> _WORK INSTRUCTIONS_
Your output should be the exact lines from the start of the data through the line containing "Aluminum Repousse Floral", with no pictures.
(DATASET RECORDS begins)
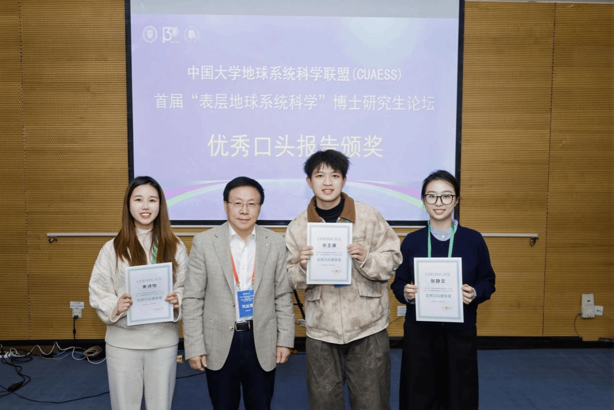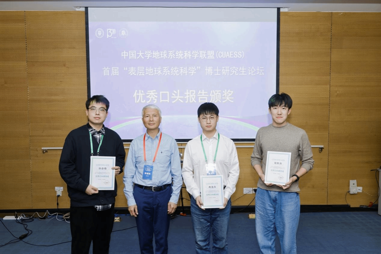 分论坛上,35位经过组委会遴选的优秀博士生围绕“地球系统过程”“地球系统模拟”“地球系统治理”三个核心方向进行了精彩的口头报告,集中展现了我国地球系统科学领域青年学者扎实的科研功底、敏锐的问题意识与开阔的国际视野。每个分论坛均配备了由相关领域教授组成的点评专家组,现场互动热烈,学术氛围浓厚。最终,9个报告获评优秀口头报告,符淙斌院士、刘丛强院士、陈德亮院士为获奖同学颁奖。
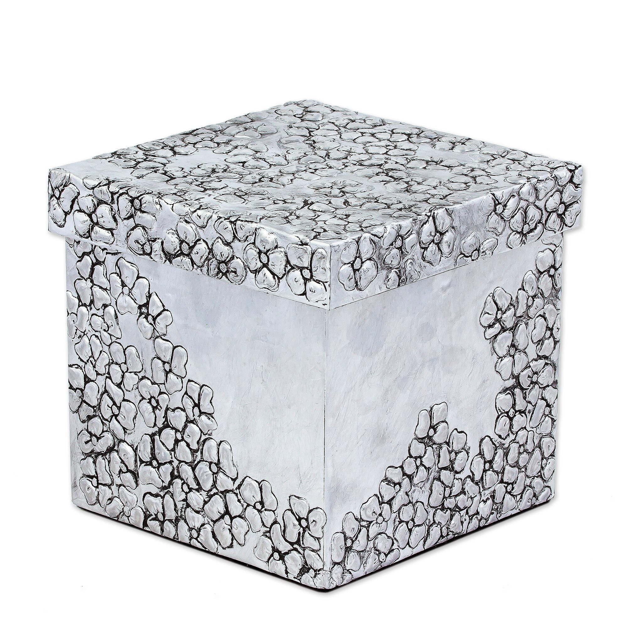 Aluminum Repousse Floral Decorative Box from Mexico, 'Blossom Cascade'
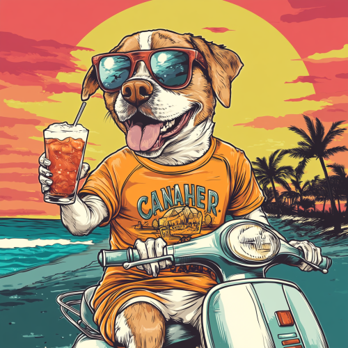 a street dog of thailand with a Chang Beer t-shirt with a cocktail in on hand while driving a scooter by the beach, he have cool sunny . Make it in a retro style ambiant not to graphic
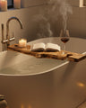 In the glow of a single candle, The Flow Board spans the tub, catching light in both the wood and the resin. A folded towel, a favourite drink and a bar of soap are all it needs to make the room feel considered instead of improvised.
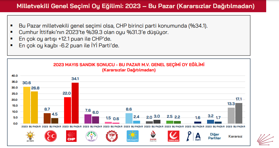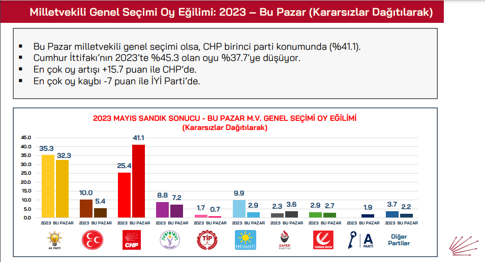 Bu pazar seçim olsa CHP 2023'e seçimlerine göre oy oranını en çok arttıran parti konumunda yer alıyor. Kararsızlar dağıtılmadan önce bu pazar yapılacak bir seçimde CHP'nin oy oranı 2023'de aldığı yüzde 22'den yüzde 34'e yükseliyor. AKP'nin ise 2023'te aldığı yüzde 30.6'lık oy oranı yüzde 26.8'e geriliyor. MHP yüzde 8.7'den yüzde 4.55'e DEM Parti ise yüzde 7.6'dan yüzde 6.0'a geriliyor.
(DATASET RECORDS ends)
> _SOLUTION_
 分论坛上,35位经过组委会遴选的优秀博士生围绕“地球系统过程”“地球系统模拟”“地球系统治理”三个核心方向进行了精彩的口头报告,集中展现了我国地球系统科学领域青年学者扎实的科研功底、敏锐的问题意识与开阔的国际视野。每个分论坛均配备了由相关领域教授组成的点评专家组,现场互动热烈,学术氛围浓厚。最终,9个报告获评优秀口头报告,符淙斌院士、刘丛强院士、陈德亮院士为获奖同学颁奖。
 Aluminum Repousse Floral Decorative Box from Mexico, 'Blossom Cascade'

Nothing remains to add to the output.